The housing boom in the United States from 2000 to 2005
saw just about every one buying a house,
even those who really could not afford one.
Special nontraditional or “exotic” mortgages
became popular as they offered borrowers a chance to
purchase a home with little to no money down, with the
chance to have very minimal monthly payments for a specific
amount of time while paying only the interest on the
mortgage.
Economists began to see the housing market peaking at
the end of 2005, this would stop some of the nontraditional
mortgage originations but the effects of the earlier
ones were about to come into full swing as borrowers
began to feel the affects of an adjusting mortgage.
The article, “National foreclosures up 17% from
previous quarter” provides further evidence of
what happens when the housing market appreciates too
fast and people obtain mortgages when they do not have
the necessary finances
to make the payments.
“In the third quarter, 318,355 properties entered
some stage of foreclosure, up 17 percent from the previous
quarter and up 43 percent from the same period last
year, according to RealtyTrac.”
This related to one foreclosure per 363 households during
the third quarter of 2006. Last quarter’s rate
was one foreclosure per 425 households.
“‘Higher interest rates and a general softening
of the real estate market are the two key factors contributing
to the 43 percent increase in foreclosure filings from
the third quarter of 2005,’ said James J. Saccacio,
CEO of RealtyTrac.”
Saccacio continued to explain that this increasing trend
of foreclosures is due to many of those adjustable-rate
mortgages
reaching the period when they adjust to the higher prime
rate. And even more disturbing is the fact that another
$1 trillion in adjustable-rate mortgages will hit their
adjusting period within the next 15 months.

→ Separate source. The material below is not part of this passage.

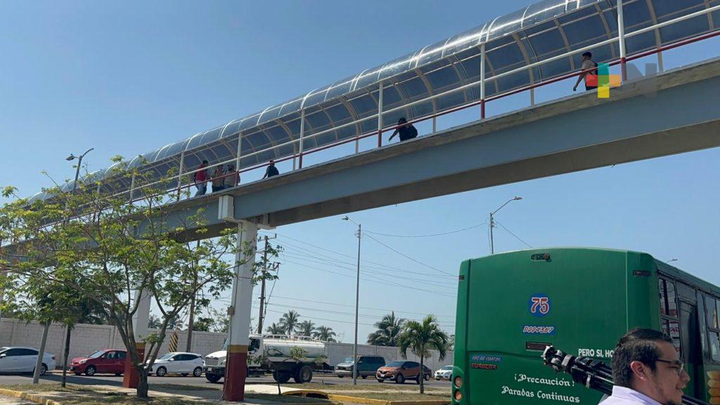 Coatzacoalcos, Ver.- Estudiantes del Tecnológico Nacional de México campus Coatzacoalcos, también conocido como Itesco comenzaron a utilizar el puente peatonal recientemente rehabilitado por el ayuntamiento porteño.

States that lead the way in the housing boom are also
showing a high rate of foreclosures. Nevada and Florida
ranked second and third highest on the list of foreclosure
rates, but what is interesting is the state that topped
the list.
“Colorado posted the highest foreclosure rate
in the nation for the second consecutive quarter, reporting
one new foreclosure filing for every 127 households
-- 2.9 times the national average. After declining almost
13 percent between the first and second quarter of the
year, foreclosure activity in the state was back up
24 percent from the second to the third quarter, with
14,374 properties
entering some stage of foreclosure -- the eighth-highest
foreclosure total in the nation.”
“States with underlying economic issues, such
as high unemployment or depreciating home prices, will
continue to outpace the rest of the country in the total
number and rate of foreclosures.”
Mortgage companies have since tightened their underwriting
guidelines on all mortgages, especially “exotic”
options. Home owners
and mortgage originators are struggling with a gloomy
prospective when those $1 trillion in “exotic”
mortgages adjust.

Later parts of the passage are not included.